Fred and Laura Maucher Memorial Scholarship
The Fred and Laura Maucher Memorial Scholarship does not need a photograph of its donors for a clear picture to emerge about what they were like. It is their legacy that brings them into focus—as loyal Lutherans, successful investors and conscientious stewards of their resources. From their gifts to California Lutheran University, it is easy to see that they also loved and supported Lutheran higher education.

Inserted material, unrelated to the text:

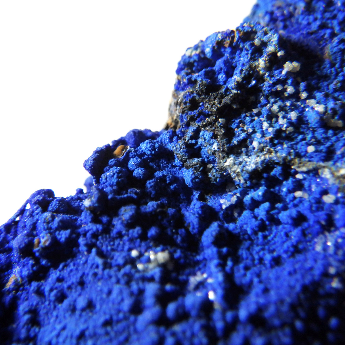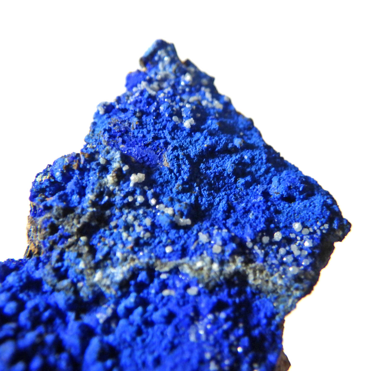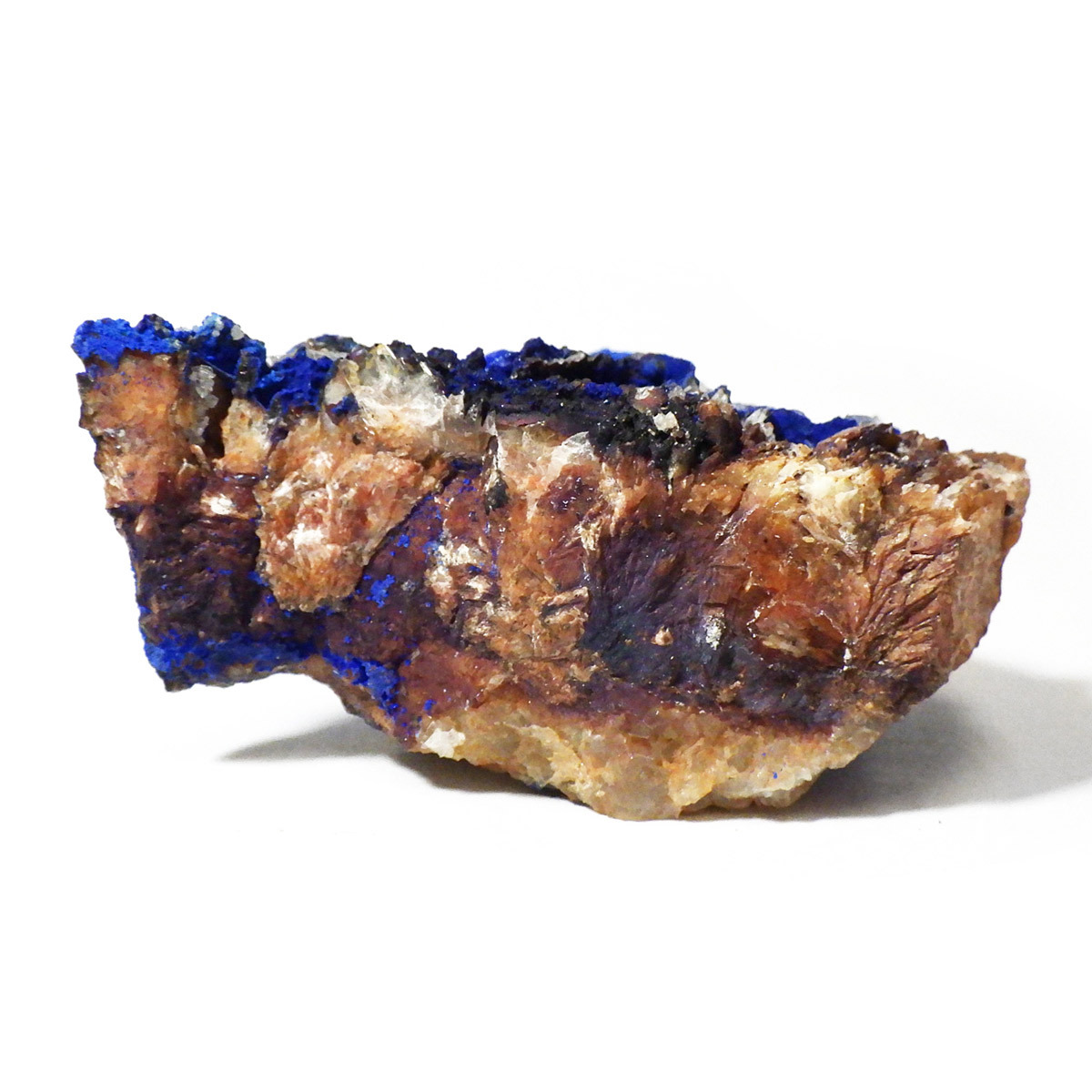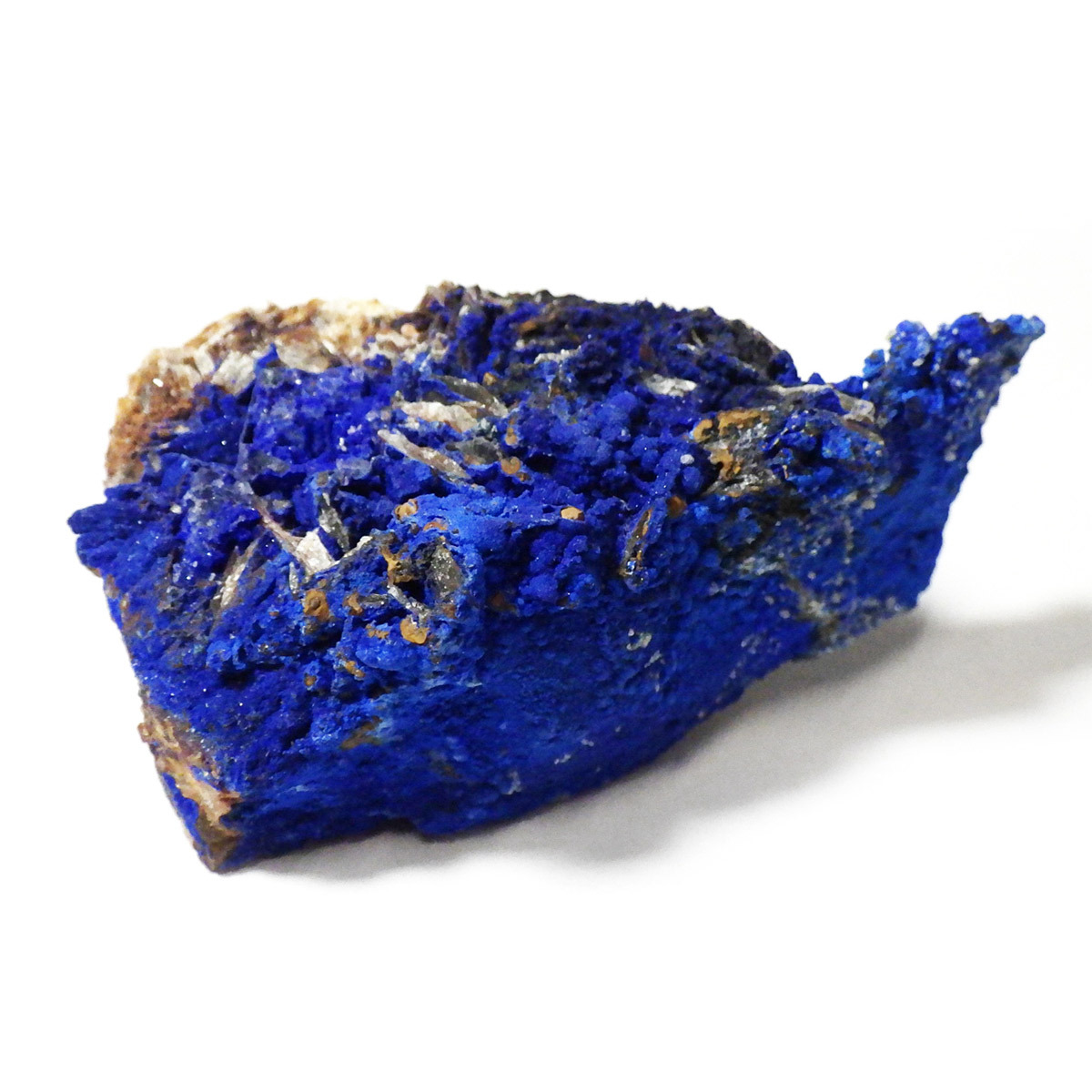 モロッコ産のアズライト結晶原石です。アズライトは産出量が少なく、鉱物コレクターの間でも非常に人気の高い希少石。中でもモロッコ産は、深く濃いブルーと美しい結晶構造を持つことで知られ、その美しさは世界トップクラスと評されています。バライト上にアズライトが結晶化されており、一部、鮮やかなグリーンのマラカイトとの共生も見られます。見る角度によってキラキラと表情を変える群青色の輝きは、まさに自然が生み出した芸術品です。

Laura Maucher first contacted CLC in March 1981 after the death of her husband. She was then living in Leisure World in Seal Beach, California. She wanted to sell her home there in order to move to La Serena Retirement Village in Thousand Oaks. With the help of CLC’s Ken Siegele, executive director of California Lutheran Educational Foundation, she accomplished both goals and soon became a neighbor as well as a friend of Cal Lutheran.
After her move to Thousand Oaks, Mrs. Maucher became active in Ascension Lutheran Church. She made friends easily and enjoyed having them visit her in her home. One of the first things her guests would notice was her marvelous needlework displayed throughout her home.
With Ken Siegele as her trustee and with the proceeds of the sale of her home in hand, Mrs. Maucher created the Fred and Laura Maucher Memorial Scholarship. She chose to designate it for premedical and/or pre-seminary students at CLC.
But her gifts did not stop there. After her death in 1987, Mrs. Maucher bequeathed her estate California Lutheran University and Luther Northwestern Theological Seminary in Minnesota in equal shares. Her gift to Cal Lutheran enabled CLU to award generous scholarships to several students every year.
For many years following Mrs. Maucher’s death, CLU received quarterly checks from the national Evangelical Lutheran Church in America (ELCA) office, dividends from investments made years earlier by this savvy couple. Their story is a clear demonstration to recipients of the Fred and Laura Maucher Memorial Scholarship of the couple’s Christian stewardship in action.